## Adding a new compute optimization

This section explains how to add a new optimization that rewrites a given linalg-on-tensors pattern into a more efficient version
of the pattern. The rewrite transforms a set of linalg operations to a combination of torq_hl kernels and/or linalg operations that
can be efficiently executed on the hardware.

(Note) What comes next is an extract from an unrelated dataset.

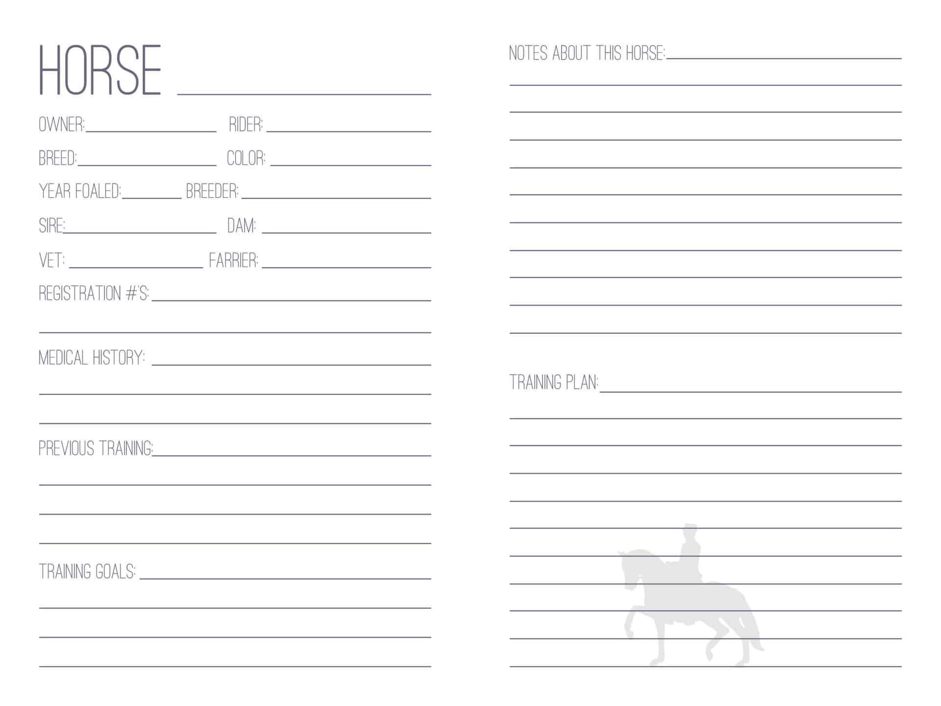 - Horse in Training Log (keep notes about horses, training plans, etc)

To implement such an optimization it is recommended to follow two steps:

1. Add a test case for the pattern in ``test/testdata/linalg_ops``. To create the test case it is possible to use as reference an
   existing mlir files in the same directory, look for mlir files in the ``third_party/iree`` directory, or run the compiler on
   some input model as follows:

   ```
   $ {BUILD_DIR}/third_party/iree/tools/torq-compile --compile-to=input mymodel.mlir -o mymodel_linalg.mlir
   ```

   Make sure to edit the file so that ``func.func`` and ``func.return`` operations are used instead of the ``util`` dialect variants.

2. Implement and register a new rewrite pattern in the ``LinalgToTorqHLConversionPass``.

   1. Implement a new class in ``compiler/torq/Conversions/LinalgToTorqHL/Patterns.cpp``

      ```{c++}
      // this pattern triggers when a linalg::SomeOp is found in the IR
      struct MyOptimizationPattern : public OpRewritePattern<linalg::SomeOp> {

         MyOptimizationPattern(MLIRContext *context)
            : OpRewritePattern<linalg::SomeOp>(context, /*benefit=*/0) {
            setDebugName("MyOptimizationPattern");
         }

         LogicalResult matchAndRewrite(linalg::SomeOp op, PatternRewriter &rewriter) const override {

            if (op.getSomeProperty() != SOME_VALUE) {
               return rewriter.notifyMatchFailure(op, "Some property must be SOME_VALUE");
            }

            rewriter.replaceOpWithNewOp<torq_hl::SomeOp>(op, ...);

            return success();
         }
      };
      ```

   2. Register the class in the ``populateLinalgToTorqHLPrePatterns`` function in the same file:

      ```{c++}
      patterns.insert<MyOptimizationPattern>(context);
      ```

More information on how pattern rewriting works can be found in the [MLIR documentation](https://mlir.llvm.org/docs/PatternRewriter/).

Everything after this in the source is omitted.